Candide - qui sommes-nous?
Candide « l’optimisme de Voltaire »
Candide vivait en tout insouciance, dans le meilleur des mondes imaginables : le superbe château westphalien de Tunder-ten-Tronch où tout n’était que luxe et abondance. La vie était belle et agréable car il ne connaissait pas la souffrance en plus il n’avait aucune soif à étancher. Pour lui, la vie était idéale et il pensait que le reste du monde vivait comme lui et ne cherchait même pas à savoir comment c’était dehors car il avait tout à portée de main et ne pensait qu’à lui.
Un jour, il posa les yeux sur la magnifique fille du châtelain Cunégonde. Alors c’est le début de la descente aux enfers car il fut expulsé de l’Élysée. Dans son errance, il découvrit alors le monde en couleurs, tel qu’il est vraiment avec ses inégalités, ses hauts et ses bas : un monde de guerres, de violence, de bêtise et de mort. Ainsi, Candide toucha au bas fonds de la réalité terrestre.

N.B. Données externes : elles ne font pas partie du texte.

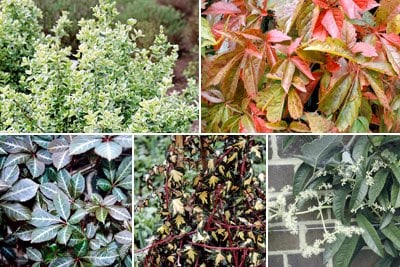 Climbers naturally scramble upwards, clinging to supports using twining stems, tendrils, stem roots or sticky pads. Wall shrubs aren't natural climbers, but their woody stems can be trained against a wall or fence. Some are evergreen and keep their leaves all year, others are deciduous and lose them over winter.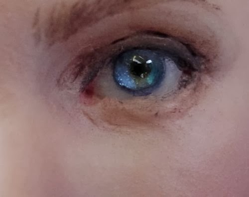 7. Con una mano muy firme, entre la pupila y en el iris, formamos unas pequeñas "rayitas" como las que existen en el iris de los ojos,nos podemos fijar de fotos. No pintar los detalles de seguido,dejar secar un poco la pintura anterior.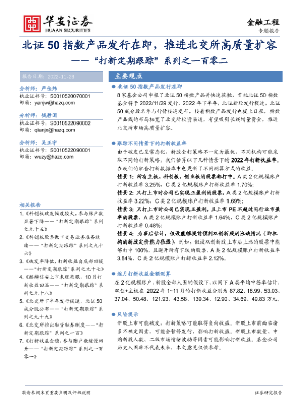 【华安证券】【20221128】“打新定期跟踪”系列之一百零二:北证50指数产品发行在即,推进北交所高质量扩容-22页 行业研究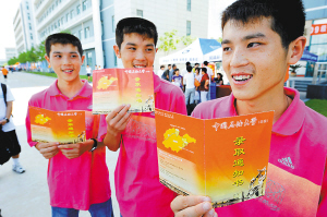 9月2日,三胞胎兄弟赵凌霄、赵凌汉和赵凌云来到中国石油大学(华东)的青岛校区报到,开始了他们同所大学的学习生活。这三胞胎兄弟家住山东省高密市柏城镇小河崖村,在今年的高考中分别考出了616分、617分和618分的“三连号”成绩,一度成为当地家喻户晓的“高考明星”。 新华社发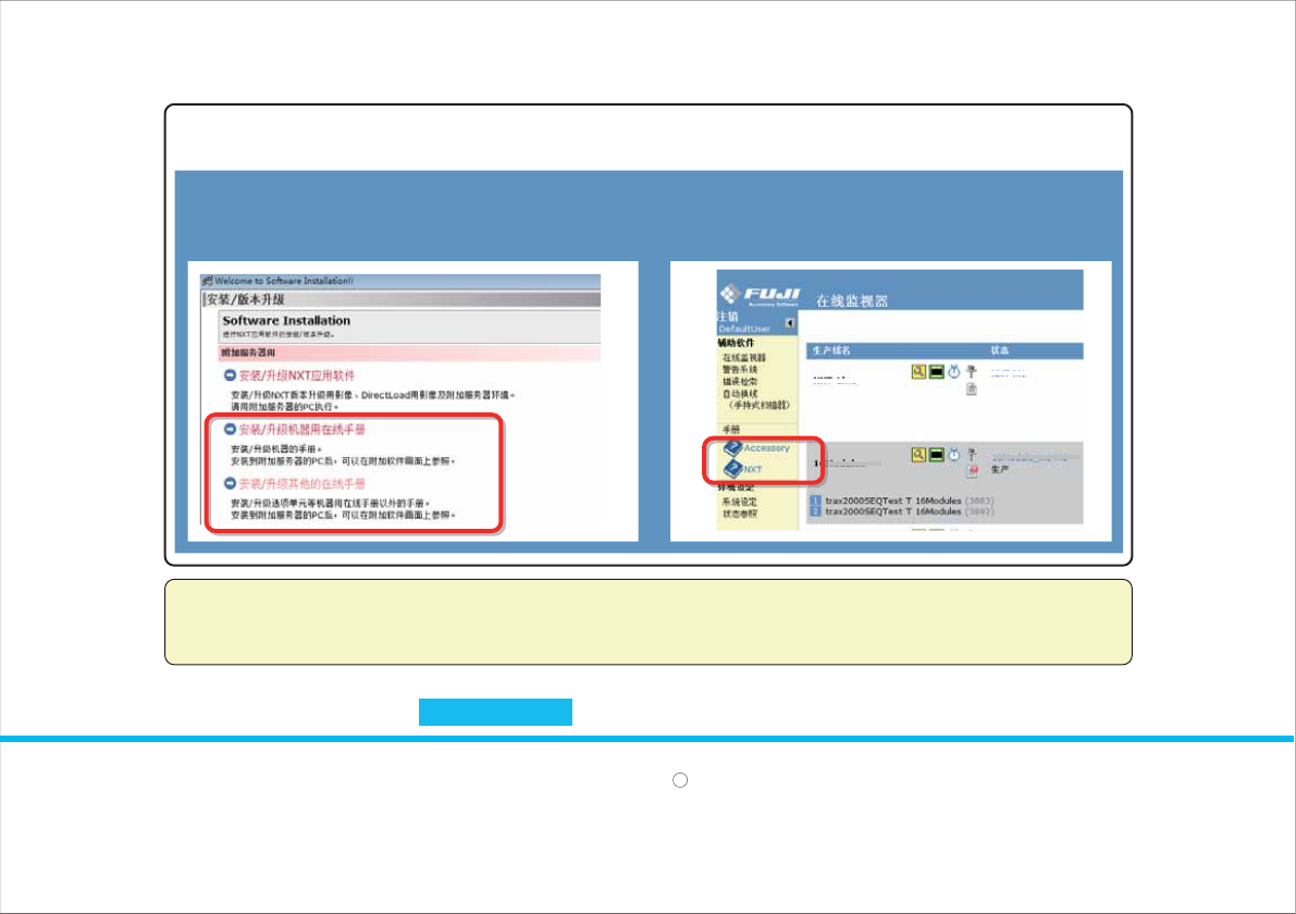 在线手册安装在辅助软件服务器用的PC内。 安装的PDF手册可以通过辅助软件的「在线手册」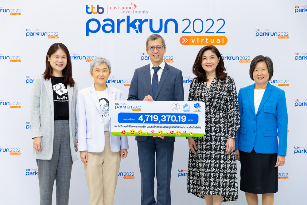 ทีเอ็มบีธนชาตและอีสท์สปริง อินเวสท์เมนทส์ ประกาศความสำเร็จกิจกรรมเดิน-วิ่งการกุศลแห่งปี “ทีทีบี | อีสท์สปริง พาร์ครัน 2022” (ttb | Eastspring parkrun 2022) ครั้งที่ 10 งานวิ่งที่เปลี่ยน…ให้น้อง ๆ กลับมามีรอยยิ้มได้อีกครั้ง ด้วยการชวนทุกคนมาร่วมกัน Make REAL Change หรือสร้างการเปลี่ยนแปลงที่มีความหมายให้กับสังคมและผู้คนรอบตัวให้มีชีวิตที่ดีขึ้น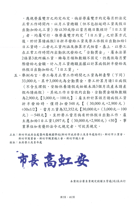 有關勞工請假規則第4條第3巷普通傷病假工資計算規定疑義,請查照並轉知所屬。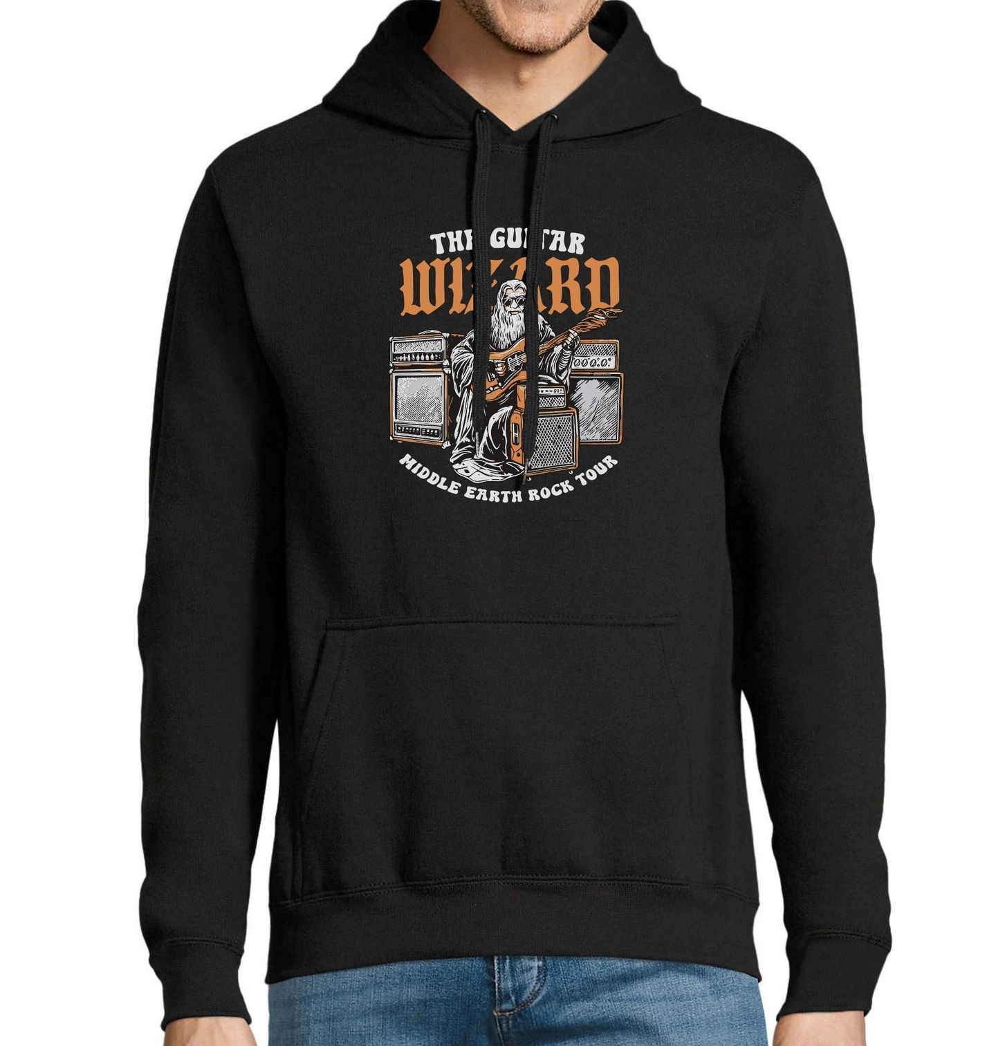 Pánská mikina Rockový Čaroděj Gandalf The Guitar Wizard. Čaroděj ze Středozemě odložil plášť i knihu kouzel a chopil se elektrické kytary, aby rozjel „Middle Earth Rock Tour“. Dokonalý merch pro fanoušky metalu, Pána prstenů a meme humoru. Zapomeň na klidnou hudbu elfů – přichází kytara, rock a pořádná porce magie!
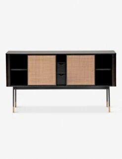 Convenient. Sophisticated. So, so stylish. This functional sideboard is the perfect storage piece for transitional spaces with mid-century leanings, featuring wicker sliding doors, brass accents and two pull-out drawers in a timeless wooden frame.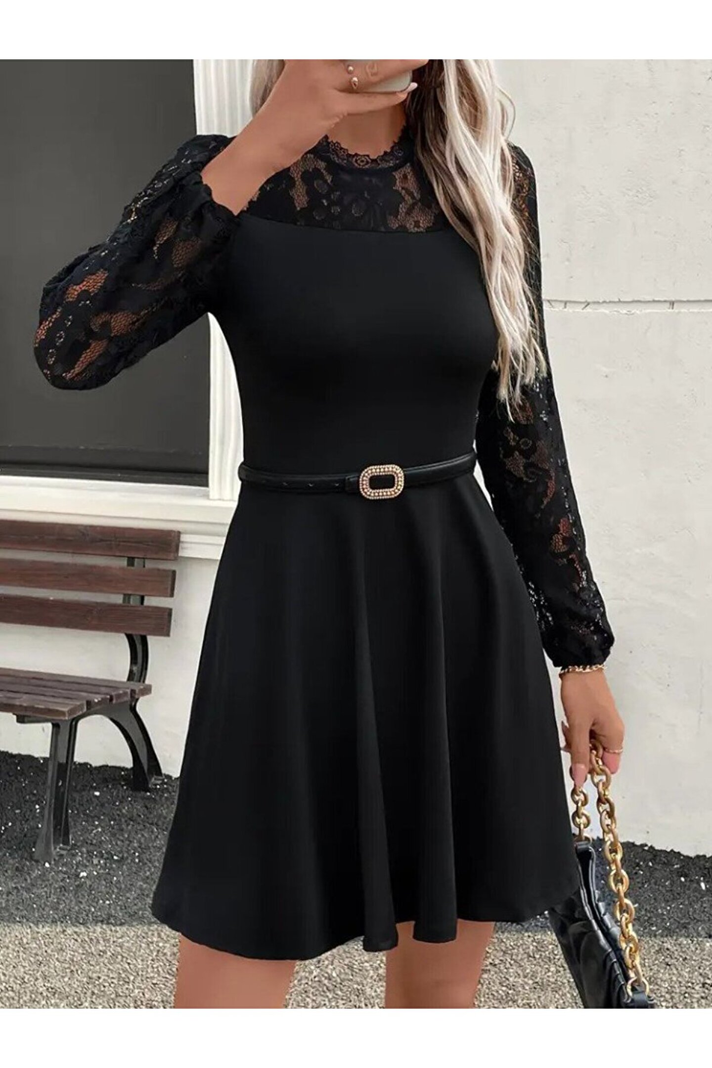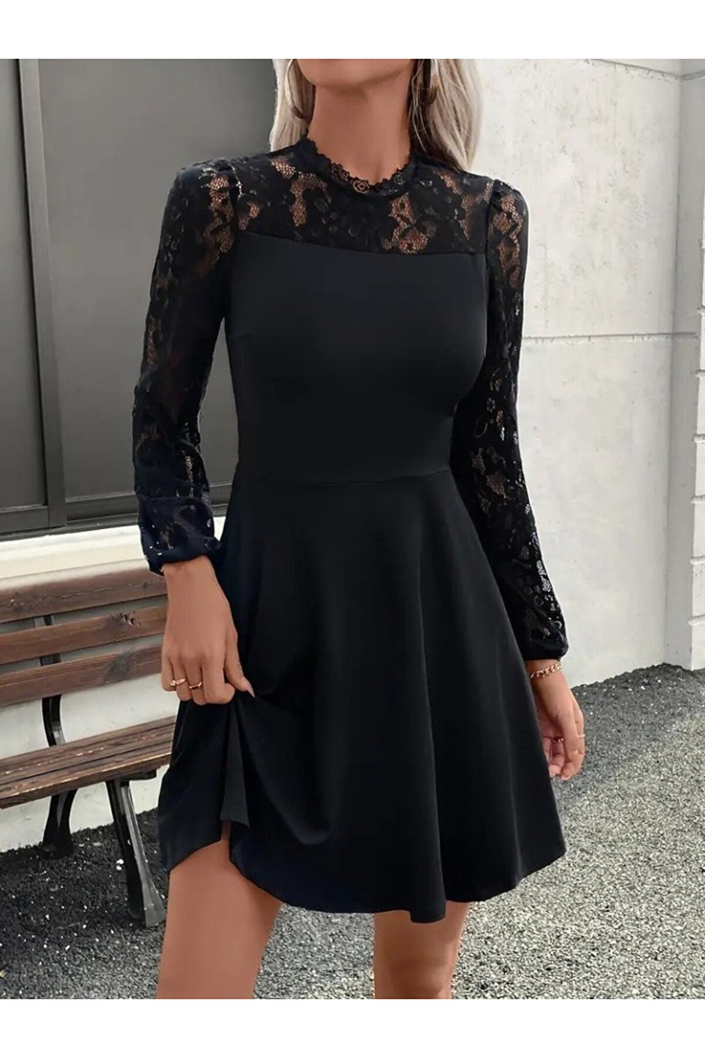 Kadın Uzun Kollu Dantelli Kloş Mini Ithal Krep Elbise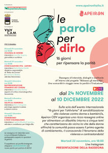 Sulla scia dell’evento internazionale “16 giorni per l’attivismo” di sensibilizzazione alla violenza contro donne e bambini/e, Apeiron ODV ha organizzato una ricca rassegna per alimentare un dibattito intorno a cinque temi che caratterizzano da vicino la vita delle donne, affinché la comunità possa essere il primo agente di cambiamento, ri-conoscendo il fenomeno della violenza e contrastandola. Il lavoro e la sua conciliazione con i tempi di vita, la salute, la rappresentazione, la decontrazione dello sguardo coloniale sul corpo femminile, la violenza di genere hanno costituito il cuore pulsante della rassegna!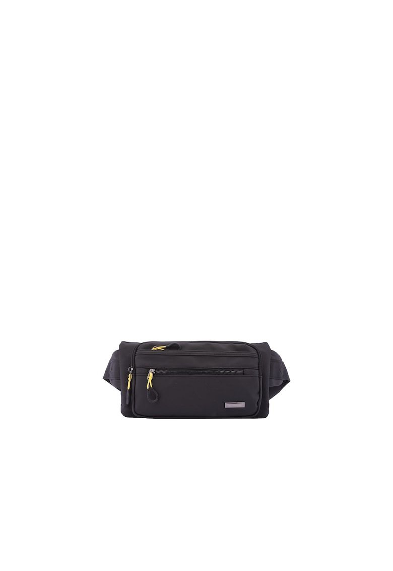 Caracteristici Culoare: negru Stil: casual Imprimeu: logo Material: textil Model: borseta Barete: 1 ajustabila Buzunare: 2 frontale cu fermoar - 1 buzunar in spate cu fermoar Compartimente: 1 principal Sistem inchidere: fermoar Compozitie Exterior: poliester Captuseala: poliester Dimensiuni Dimensiune (cm): 16 x 43 x 6 cm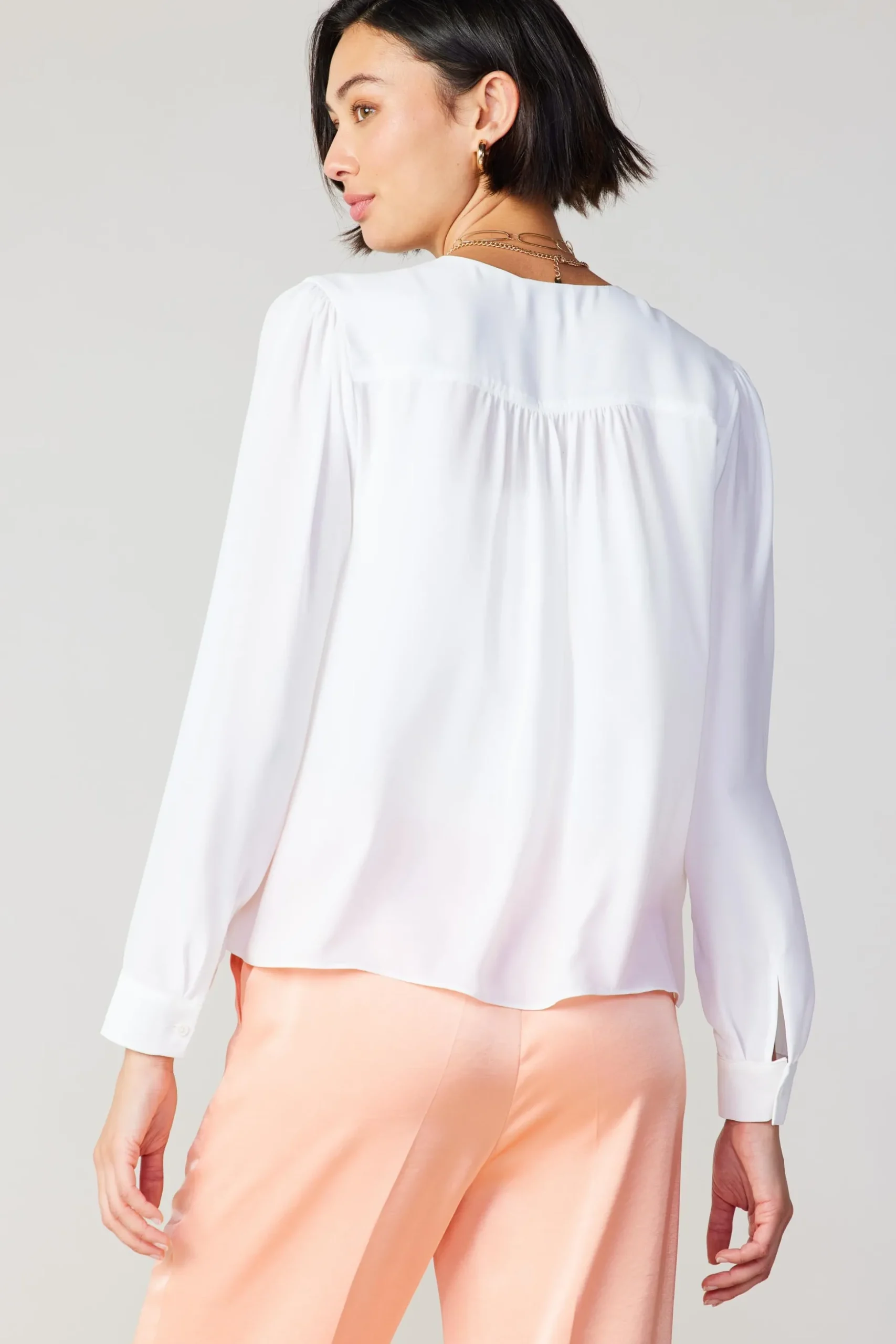 Our airy V-neck shirt has an effortless look, but the pleating down the center. This long-sleeve style is easy to dress up or down—pair it with jeans or something more tailored and polished.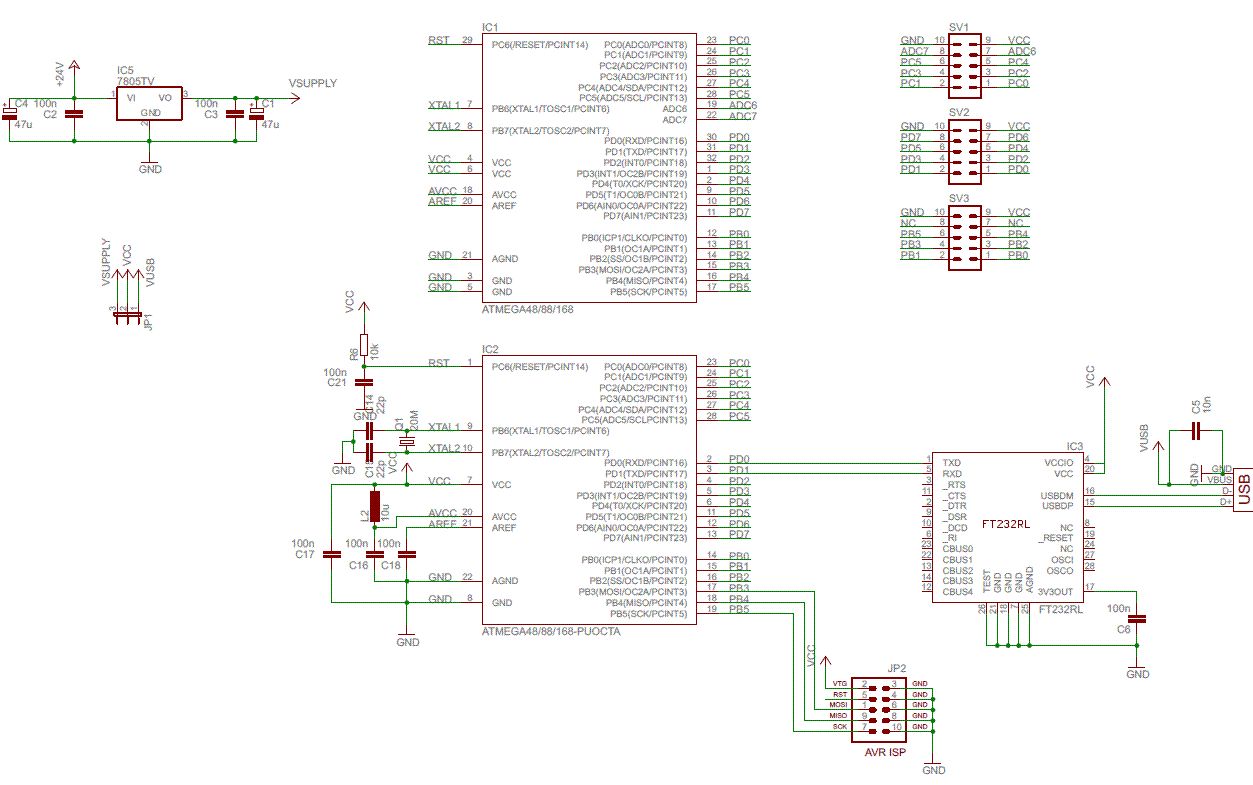 Für AVR ISP würde ich die 6-polige Ausführung bevorzugen und zweckmäßigerweise auch /Reset anschließen. PB6 und PB7 sollten auch nach außen geführt werden, wenn der interne Oszillator verwendet wird. Den Betrieb mit einem Uhrenquarz würde ich auch vorsehen. An Stelle des USB Teils würde ich einen MAX232 mit RS232 Anschlüssen bevorzugen. Die dabei erzeugte V- kann für externe OPVs dienlich sein. Den 7805 würde ich durch einen LP2950-5 ersetzen, damit der Stromverbrauch des Reglers nicht höher als der der Schaltung ist. Aber vor allem würde ich

Nous, membres du comité Candide avons pris conscience des réalités de ce monde et voulons y faire face, les montrer à tout monde. Le monde d’aujourd’hui est encore pire que celui dans lequel vivait Voltaire et beaucoup d’entre nous ne le connaissent pas vraiment. C’est un monde où sciences et techniques font la loi, ce qui en soit n’est pas une mauvaise chose mais rappelons-nous avec Rabelais que « Science sans conscience n’est que ruine de l’âme ».
René Descartes a dit « le bon sens est la chose est la chose la mieux partagée du monde ». Le monde court à la dérive : à nous de redonner du sens, d’être la voix de ceux qui se taisent et de trouver la voie de ceux qui sont dans l’impasse.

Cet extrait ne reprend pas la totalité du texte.